# place to run dogs - fargo?



## jonnyboy (Apr 11, 2011)

I'm new to Fargo and am looking for a place to free run my hunting dogs. Where I lived in Iowa, we had an area set aside by the state as a "field trial" area where the state allowed different groups to run field trials, but it was also open to the public to run dogs anytime that there was not a trial going on. It was attached to a piece of public hunting land. Is there anything similar around Fargo?
If not, where do you typically go to get the dog some off-leash exercise? They walk just fine on a leash, but several times a week I try to get them out to free run for an hour or so and work on commands etc...
I'm willing to drive to find a good spot!

Thanks in advance for your help!


----------



## 94NDTA (May 28, 2005)

North Dakota Retriever Club has some nice grounds. It is $50 a year to join, but that is much cheaper than driving around to try and find public land. I would also like to know other places if anyone has any ideas.


----------



## Chaws (Oct 12, 2007)

http://ndrc.org

$50 a year and get involved with some people to train. Throw real birds and lots of land and water available. Our grounds are right between Dilworth and Glyndon off Hwy 10. We also hold hunt tests and field trials throughout the year to watch or even become involved in if you're interested in getting into the dog games.


----------



## jonnyboy (Apr 11, 2011)

Thanks guys for the responses!

The retriever club looks cool. I forgot to mention that I have pointing dogs (english setters). They aren't crazy dogs that need miles of open country.

Is membership limited to retrieving dogs only? Does the club offer upland training opportunities?


----------



## 94NDTA (May 28, 2005)

That would be a question for chaws, I don't know that. I would hope they would let you bring whatever as I have an 8 year old english setter I would like to bring out as well.


----------



## Chaws (Oct 12, 2007)

We actually have a partnership with the local NAVHDA group which is versatile dogs at the club. As long as you abide by the rules with regards to planting birds and picking them up and don't interfere with other training groups you're more than welcome to join.

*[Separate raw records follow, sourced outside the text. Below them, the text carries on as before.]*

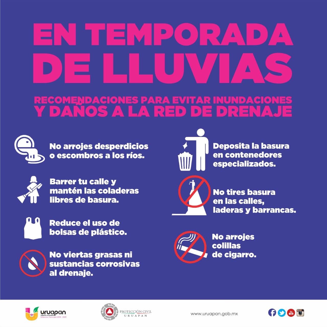 Tu puedes ayudar a evitar inundaciones. Basta con ayudar a cuidar la red de drenaje. Con Todas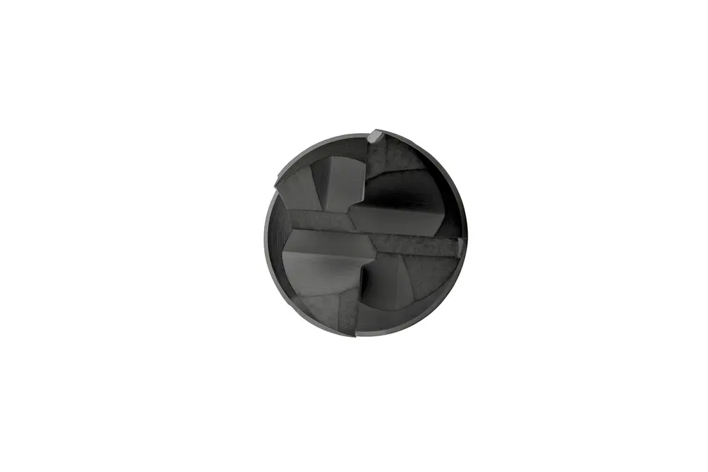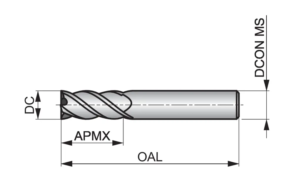 Короткая концевая фреза с 4 канавками, диаметром 5 мм, длиной резания 15 мм и общей длиной 50 мм, по стандарту Dormer Pramet, с гладким хвостовиком 5 мм, из твердого сплава с алмазным покрытием, углом наклона спирали 40° и углом заточки 10° для фрезерования плеч и погружения в графит.
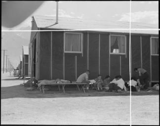 | Keywords: Manzanar Relocation Center, Manzanar, California. Evacuees at this War Relocation Authority center . . . - NARA - 538160.jpg Scope and content The full caption for this photograph reads Manzanar Relocation Center Manzanar California Evacuees at this War Relocation Authority center relaxing in the shade of their barrack apartment General notes 538160 Local identifier 210-G-C875 Department of the Interior War Relocation Authority 02/16/1944 - 06/30/1946 NARA-Author Lange Dorothea 1895-1965 Photographer 1372774 <br /> Still Picture Records Section Special Media Archives Services Division NWCS-S National Archives at College Park 8601 Adelphi Road College Park MD 20740-6001 1942-07-03 Record group Record Group 210 Records of the War Relocation Authority 1941 - 1989 Record group ARC 537 Central Photographic File of the War Relocation Authority compiled 1942 - 1945 Series ARC 536000 File unit File unit ARC Variant control numbers NAIL Control Number NWDNS-210-G-C875 Other versions <gallery> File Manzanar_Relocation_Center _Manzanar _California _Evacuees_at_this_War_Relocation_Authority_center_ _ _ _-_NARA_-_538160 tif tif File Manzanar_Relocation_Center _Manzanar _California _Evacuees_at_this_War_Relocation_Authority_center_ _ _ _-_NARA_-_538160 jpg jpg </gallery> NARA-cooperation PD-USGov Photographs by Dorothea Lange of Manzanar War Relocation Center Wooden houses in Inyo County California Manzanar Houses in California built in 1942 Manzanar NARA images of Inyo County California Black and white photographs of residential buildings Manzanar Black and white photographs of California |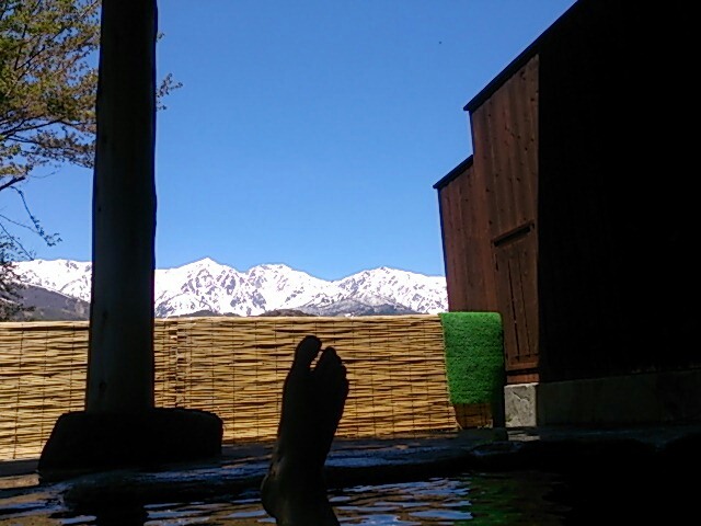 立ち寄り温泉しました。特別に私のプチヌード披露!。。。そんなことより露天風呂から白馬三山がバッチリの眺めで素晴らしい。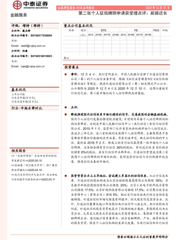 【中泰证券】【20201207】第二张个人征信牌照申请获受理点评:前路还长-4页 行业研究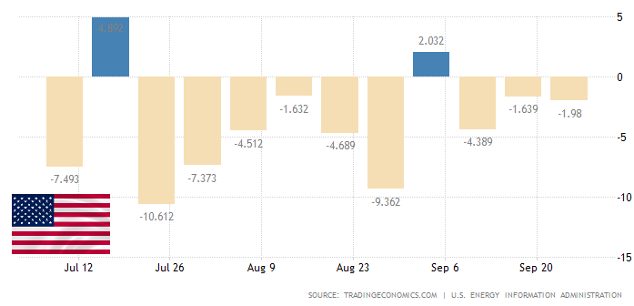 🛢Согласно отчету EIA, запасы сырой нефти в США упали на 1,980 миллиона баррелей за неделю, закончившуюся 25 сентября 2020 года, третью неделю подряд снижения и по сравнению с рыночными ожиданиями роста на 1,569 миллиона баррелей. Между тем, запасы бензина выросли на 0,683 миллиона баррелей, тогда как рынки прогнозировали падение на 1,083 миллиона баррелей.

If you get involved with that group there are usually a couple guys out there throughout the week that you could partner with to purchase chuckars or pheasants to plant or even pigeons for working your dog on steadying point or backing.


----------



## jonnyboy (Apr 11, 2011)

Sounds great! I've emailed the "training director" from the Red River Valley NAVHDA group to see about their club. I'm planning on joining the NDRC, it will be a good place to meet some folks and have a spot to go. Who knows, with as many waterfowl as there are around here, maybe I'll end up adding a retriever to the mix as well! 
Unfortunately, my dogs are still back in Iowa with my wife! They will all be up here in about a month and we'll be looking to get out and get some exercise and train on some birds. If I hear something back from the NAVHDA group, I'll post the information here so that anyone else who is interested can know about it.


----------



## Chaws (Oct 12, 2007)

Good stuff! One guy that's very active in both clubs and is a really good guy is Mark Van Beek. His number is on their web site and he plays in both the NAVHDA and retriever games.


----------